Ms. Kanin's career was formed in a more genteel time in American show business when husband-and-wife writing teams (Garson Kanin and Ruth Gordon, Frances Goodrich and Albert Hackett, Pheobe and Henry Ephron) were common. She met her spouse, artist Michael Kanin (Garson was his brother), on the lot at RKO, where both of them were then employed.

Together they wrote such films as "Sunday Punch" (1942), "My Pal Gus" (1952), "Rhapsody" (1954), "The Opposite Sex" (1956), "The Right Approach" (1961), in which they adapted a play by Garson Kanin, and "Swordsman of Siena" (1962). Their most noted success was the 1958 Doris Day-Clark Gable romantic comedy "Teacher's Pet," which netted them their sole Oscar nomination.

Alone, Fay Kanin wrote the 1948 comedy Goodbye, My Fancy, set in a dormitory at a woman's college. Directed by Sam Wanamaker and produced by her husband, it was a hit, and won actress Shirley Booth a Tony Award. The play was made into a movie in 1951 starring Joan Crawford.

With Michael, she wrote the 1954 Broadway comedy His and Hers, which starred Celeste Holm, and Rashomon, which was based on the Japanese stories by Ryunosuke Akutagawa, and starred Claire Bloom and Rod Steiger. It was made into a television movie twice, in 1960 and '61.

In 1962, they wrote the book to the musical The Gay Life, which had music by Arthur Schwartz and Howard Dietz. Barbara Cook starred in the Vienna-set show, which ran 113 performances. For a time in the 1950s, the Kanins were blacklisted by the House Committee on Un-American Activities. They were unable to find work until director Charles Vidor insisted on using them for the Elizabeth Taylor film "Rhapsody."

She won considerable attention when she shifted from film to television in the 1970s, winning Emmy nominations for a series of serious, socially conscious TV movies, including "Tell Me Where It Hurts" (1974), about a wife and mother who is looking for something more from life; "Hustling" (1975), a widely seen movie about a reporter investigating the world of prostitution; "Friendly Fire" (1979), about a couple trying to find out the truth about the death of their son in the Vietnam War; and "Heartsounds" (1985), about an ailing doctor who is confronted with the broken medical system of which he is a part. She won the award for the first. All of these were solo projects, as Michael Kanin had by then backed away from writing.
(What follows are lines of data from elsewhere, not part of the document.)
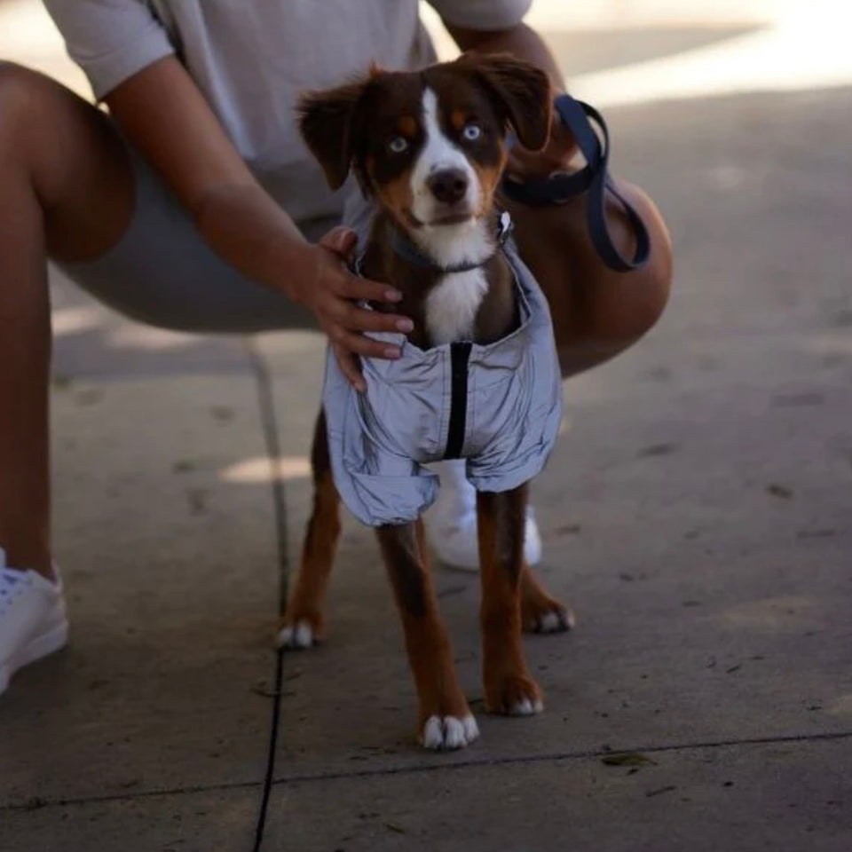 デザイン面でもたくさんのポイントがあり、超軽量、防水コーティング、お腹の下の防水ジッパー、究極の快適さのためのメッシュ裏地、ほとんどの犬のサイズに対応できるドローストリングの裾、袖の裾の周りの伸縮性、リードを通す用の穴があります!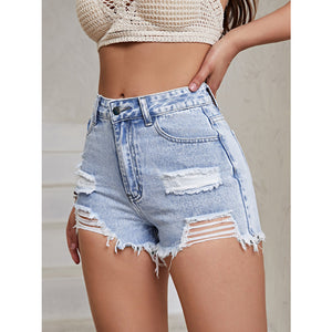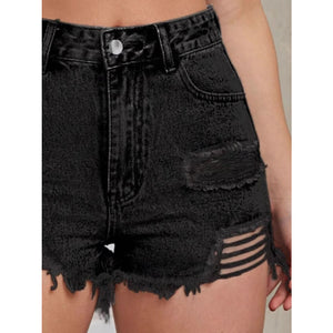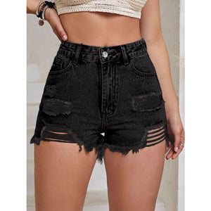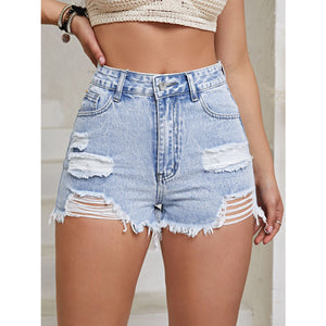 Distressed Raw Hem High Waist Denim Shorts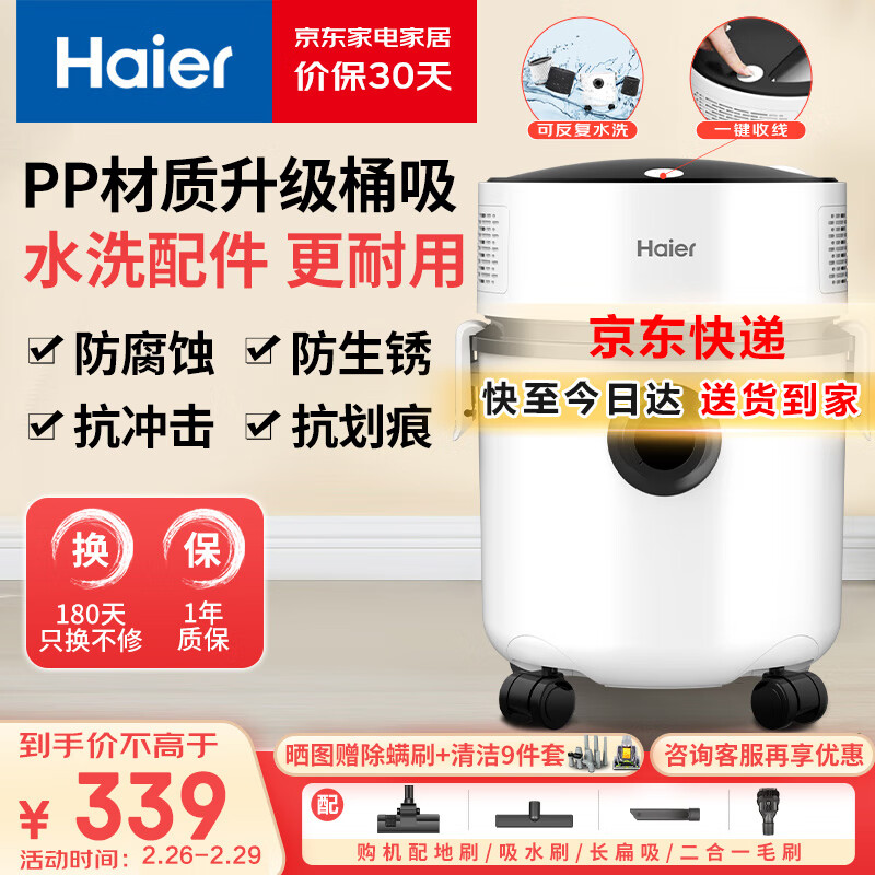 海尔(Haier)桶式吸尘器家用大吸力强力大功率吸尘机干湿两用一键收线HZ-T810W价格:338.00元!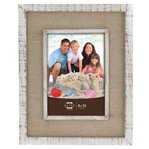 -. Title : P.R.Inz Shore Side Distressed White Frame with Beige Linen Border, 8 by 10-Inch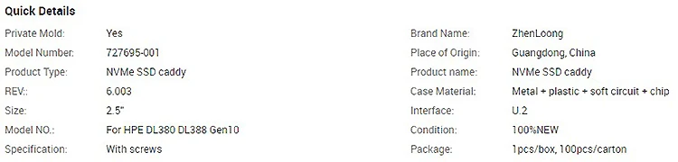 Comprar Nuevo disco duro NVMe SSD Caddy de 727695 pulgadas para HPE ProLiant DL380 DL388 Gen10 G10, soporte de bandeja de servidor, 2,5-001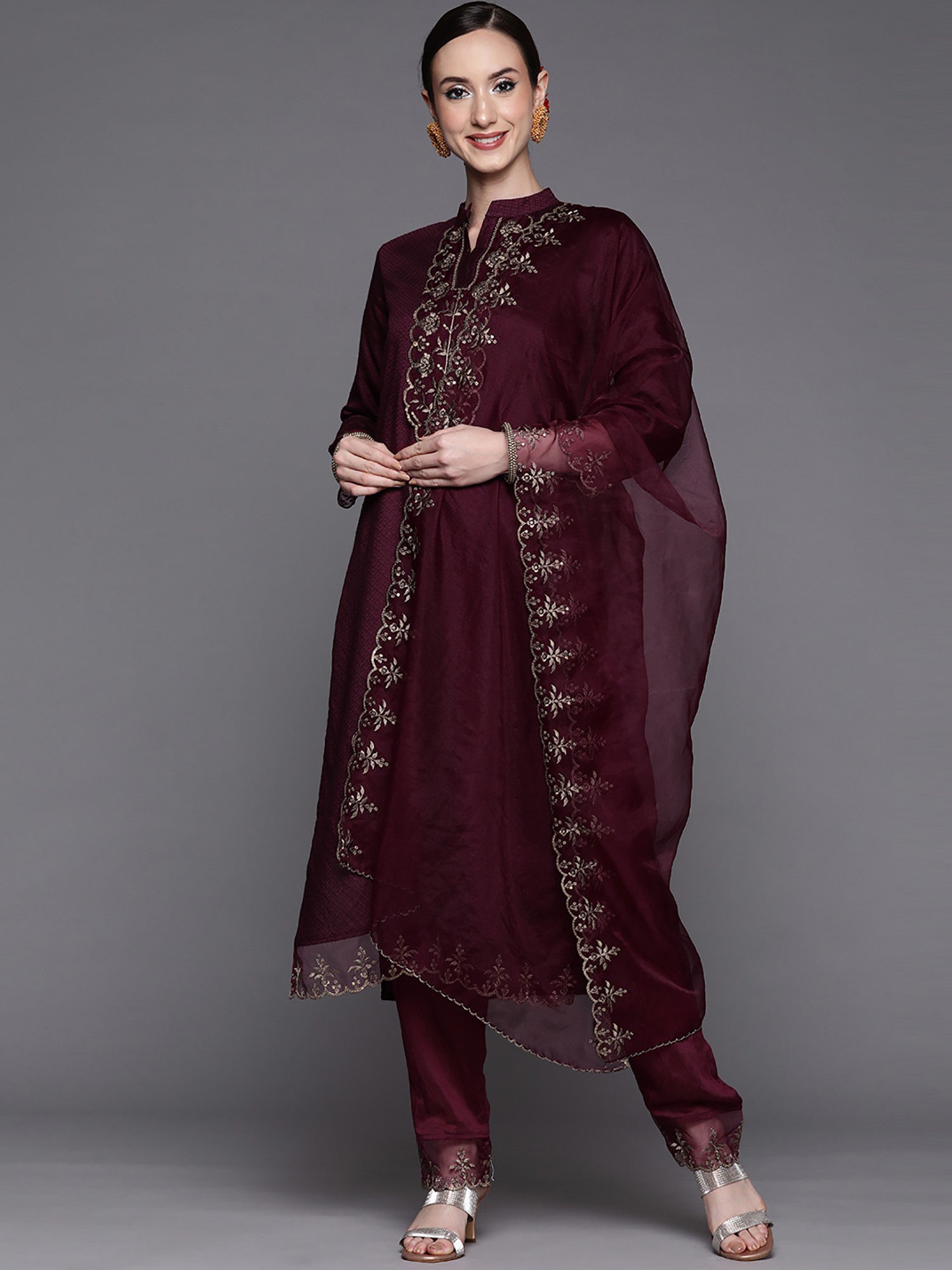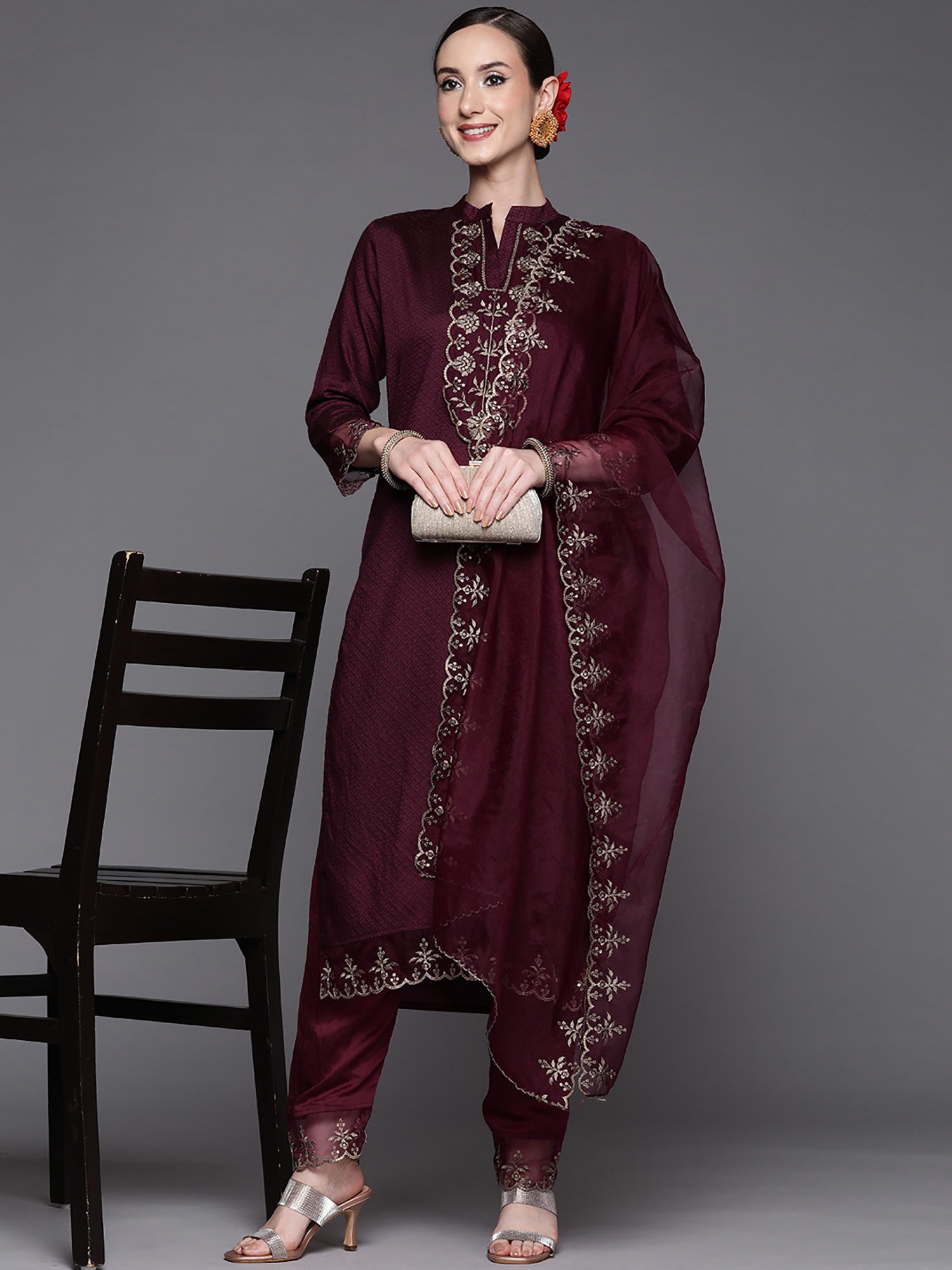 Add a touch of elegance to your wardrobe with this women’s Wine rayon kurti set with embroidery work, paired with a matching bottom and contrasting Wine dupatta. Made from premium viscose rayon slub fabric, this ethnic suit set combines comfort with festive charm, making it ideal for parties, traditional events, and special occasions.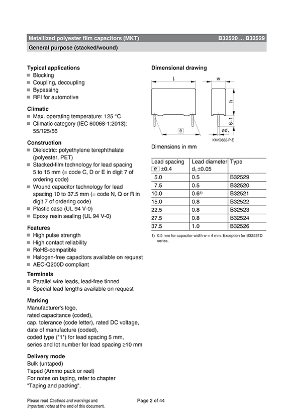 | Dielectric Material | Polyester, Polyethylene Terephthalate (PET), Metallized - Stacked |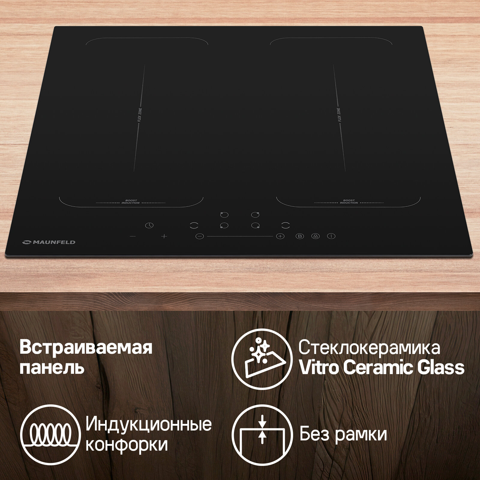 Индукционная варочная панель с двумя Flex Zone и Booster MAUNFELD EVI.594-FL2-BK информация: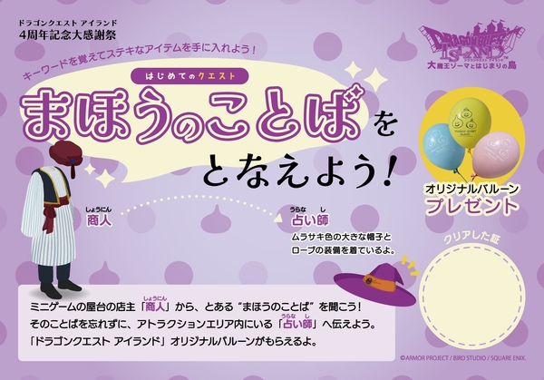 縁日エリアに出店するミニゲーム屋台の店主(商人)から、4歳以下のお子様を対象に、“まほうのことば”をお伝えします。そのことばをアトラクションエリア内の占い師に伝えていただくことで、「ドラゴンクエスト アイランド」オリジナルバルーンをプレゼントいたします
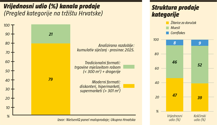 Što se tiče aspekta mjesta prodaje, čak 78,9% ukupne vrijednosne prodaje kategorije žitarica za doručak u 2025. godini ostvareno je kroz moderne formate (hipermarkete, supermarkete i diskontere). Preostalih 21,1% prodaje realizirano je kroz tradicionalne formate koji uključuju trgovine mješovitom robom do 300 m2 i drogerije.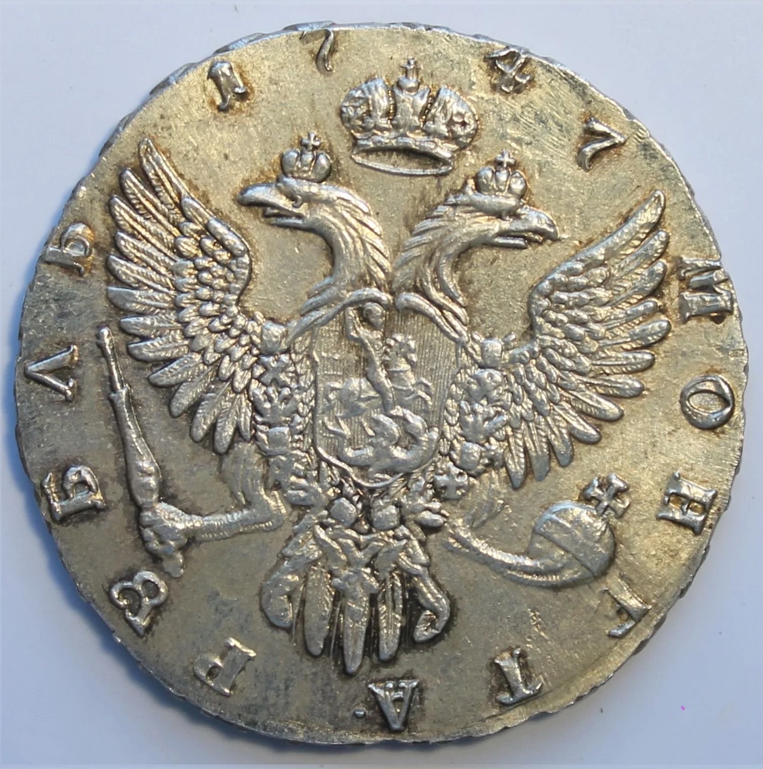 Монета представляет собой копию серебряного рубля 1747 года, отчеканенного в правление императрицы Елизаветы Петровны. Оригинальные рубли этого года имеют высокую коллекционную ценность и встречаются редко. Данный экземпляр является современной репликой, о чём прямо указано в описании поста.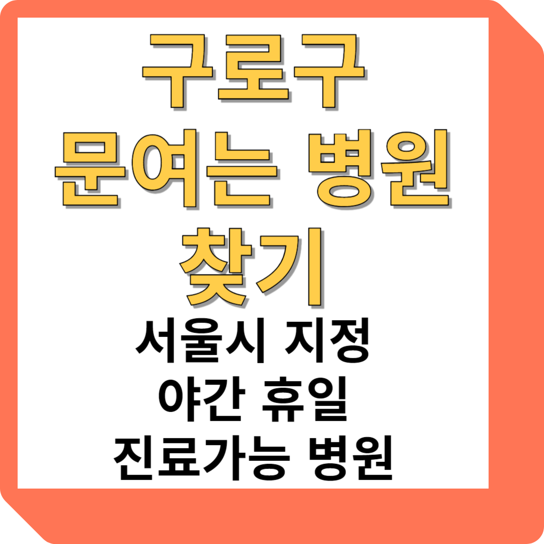오늘은 구로구 문여는 병원 찾기, 서울시 지정 야간 휴일 진료가능 병원을 안내해 드리겠습니다.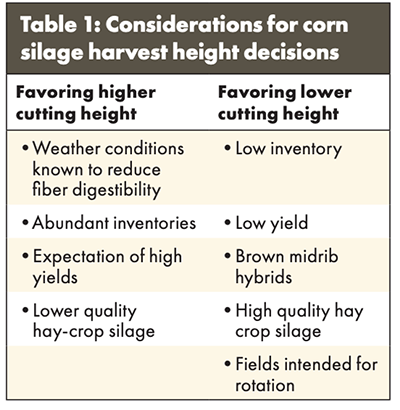 Several studies have evaluated the impact of chop height on corn silage. While the magnitude of the impact varies by study, the overall conclusion is chopping corn silage higher results in less yield, but higher fiber digestibility and starch content. Considering this information in the context of the current growing season can help you refine your harvest strategy (see Table 1). In the event of a wet growing season, we might expect average to above average yields with lower fiber digestibility. Coupling this outlook with adequate feed inventory would suggest that a higher cutting height could help offset the effects of the wet season.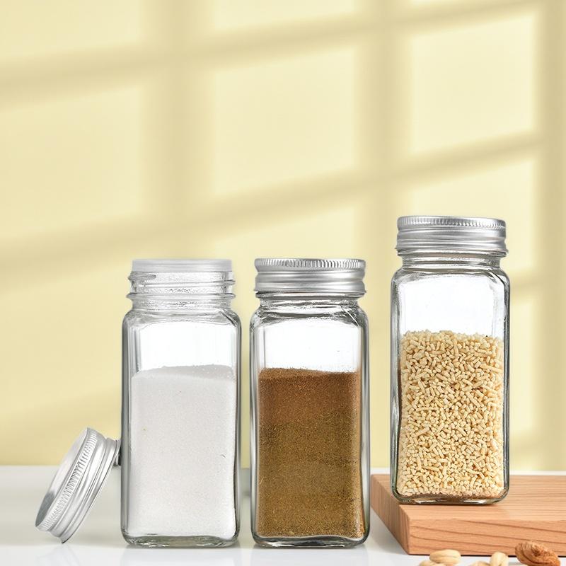 Glass Sealed Spice Jars with Lid Square Spice Jar Food Storage Sealing Jar Transparent Glass Dispensing Bottles for Coffee Sugar

Ms. Kanin didn't return to Broadway until 1985, when she wrote the book for the ill-fated Harold Prince musical Grind. Set in a bi-racial burlesque house in 1933, it was a famous flop. It lasted only a few weeks, but got the writer her only Tony nomination.

Ms. Kanin, who called herself a feminist, was president of the Academy of Motion Arts and Sciences from 1979 to 1983. She was only the second woman to hold the post.

Fay Mitchell was born in New York on May 9, 1917. She graduated from the University of Southern California at the age of 19 and immediately embarked on a screenwriting career. She was soon hired by RKO Pictures as a script reader.

Michael Kanin died in 1993.

She is survived by her son Josh. A second son, Joel, died when he was 13.